PAPER REVIEW – by Mohit Gupta
Table Header Detection and Classification
Jing Fang, Prasenjit Mitra, Zhi Tang, C. Lee Giles
The goal of the authors is to be able to detect tables from documents. There exists a huge diversity in table styles and structure. It is assumed that it is largely told by the table headers, i.e. the top rows and the leftmost columns of a generic table. Hence, the problem now reduces to Table Header Detection and Classification, which is where the paper focuses on.
The paper assumes that data rows would normally share similar data type, cell alignment, character spacing, font and size etc. different from the characteristics of the header (or header rows in case of a multi-dimensional table). It does not focus on other attributes that could differentiate header and data cells, for instance, background color and ruling lines.
First, a weighted average score analysis (involving font size score, string length score, overlap score, data type score, alignment score etc. and taking a weighted mean of these scores to define the match score of corresponding cells of two adjacent rows) to calculate similarity between each pair of consecutive rows and the first local minimum from top is marked to be the separation, considering that headers would generally appear in the beginning.
The results are found to not to be satisfactorily accurate and in order to improve the same, supervised learning algorithms are used for classification of table content into headers and data classes.

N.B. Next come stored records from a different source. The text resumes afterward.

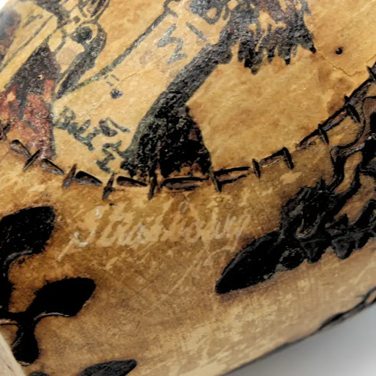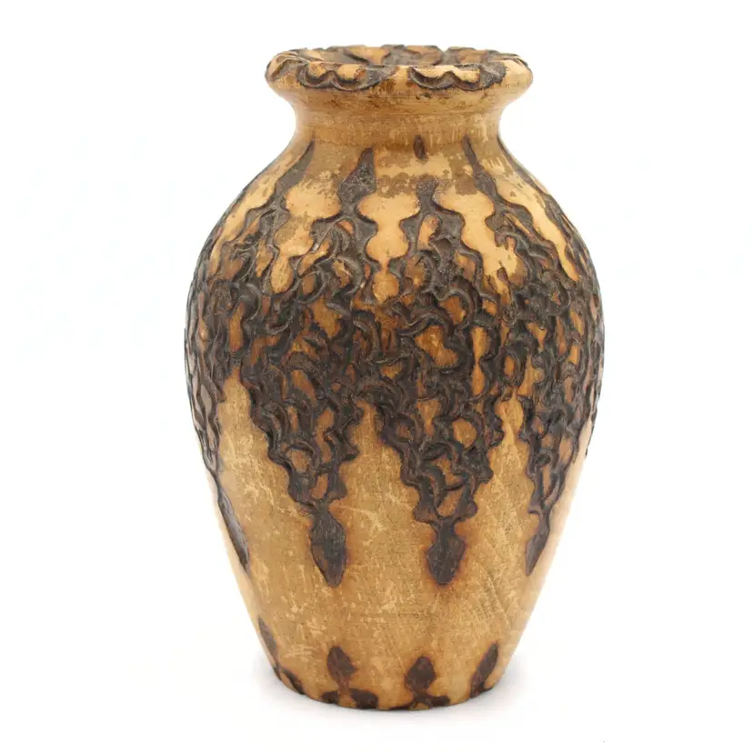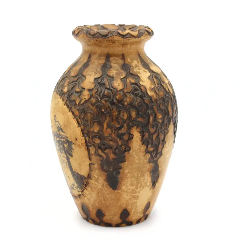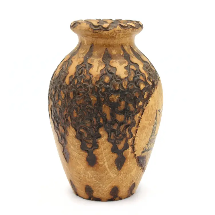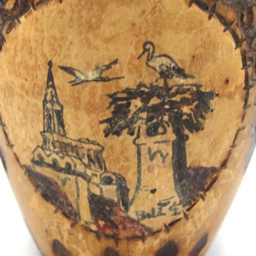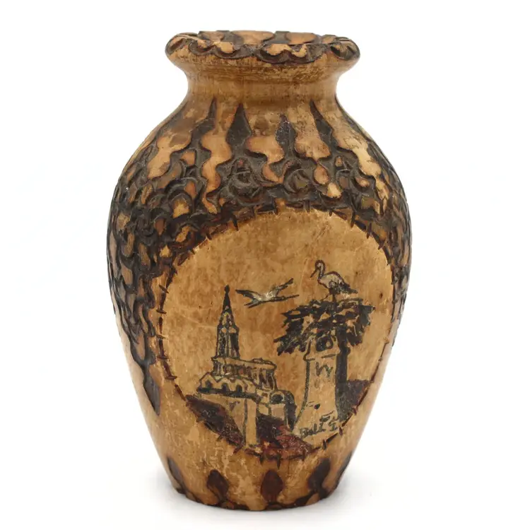 Vintage Alsace Souvenir Vase – Hand Carved with Hand Painted & Pyrography Art by Louis Bollinger (“Boli”), Strasbourg Cathedral & Storks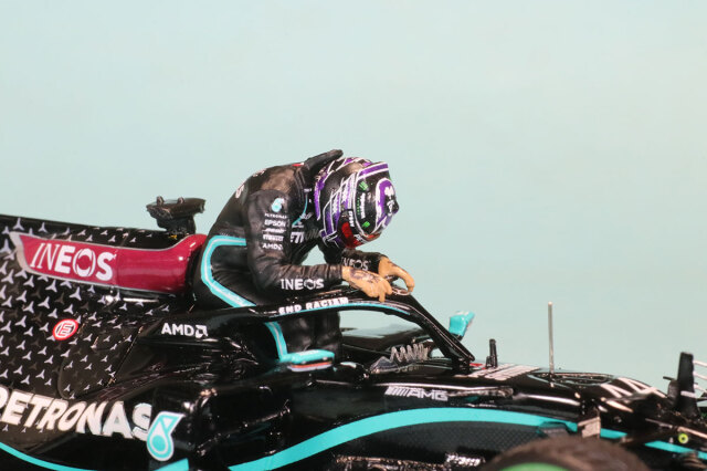 海外ショップ特注スパーク 1/43 メルセデス AMG W11 トルコGP 2020 L.ハミルトン 7th ワールドチャンピオン アルカンタラレザーベース トロフィー&ボード各種セット WS015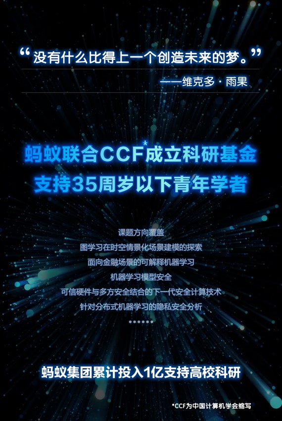 据悉,这一基金将面向人工智能、区块链、安全等领域的29个细分前沿科技领域,如图学习在时空场景化场景建模的探索、机器学习模型安全等,支持35周岁以下青年学者的相关科研。

Row features like row length, cell size, number of characters, fraction of numeric, alphabetical and symbolic characters, font size, font type (bold/italic) etc. are defined. Another set of scores based on the comparison of neighboring rows are defined, which include average content repetition (using Levenshtein distance) average alignment, average overlap proportion etc. Analogously, features are defined for columns which are a subset of ones for rows. The paper uses three types of classifiers–SVM based (using Libsvm), logistic regression based (using R) and a random forest based classifier (using Weka toolkit) for classifying header cells and data cells.
CiteSeerX – a public scientific search engine and digital library, is used as a source of samples of actual scientific PDF documents. TableSeerX –an existing table detection tool is used to extract tables from PDF documents. The paper does not focus on other document media like image, handwritten or web pages. The tables detected in error from two randomly selected samples of 200 documents each are manually removed, which leaves 135 and 120 tables from sample 1 and sample 2 respectively, which is now the test sample. The proportion of various header types (one- dimensional when only a row or column header exists, two-dimensional when both exist and multi-dimensional headers) is determined for both samples. Another classification is made based on table layout complexity –simple and complex –further classified into tables having multi line cells, multi-level headers, long and folded tables, multi- dimensional tables and other irregular layouts. Both the data samples are found to have similar proportions of classes and it is concluded that the dataset is stable.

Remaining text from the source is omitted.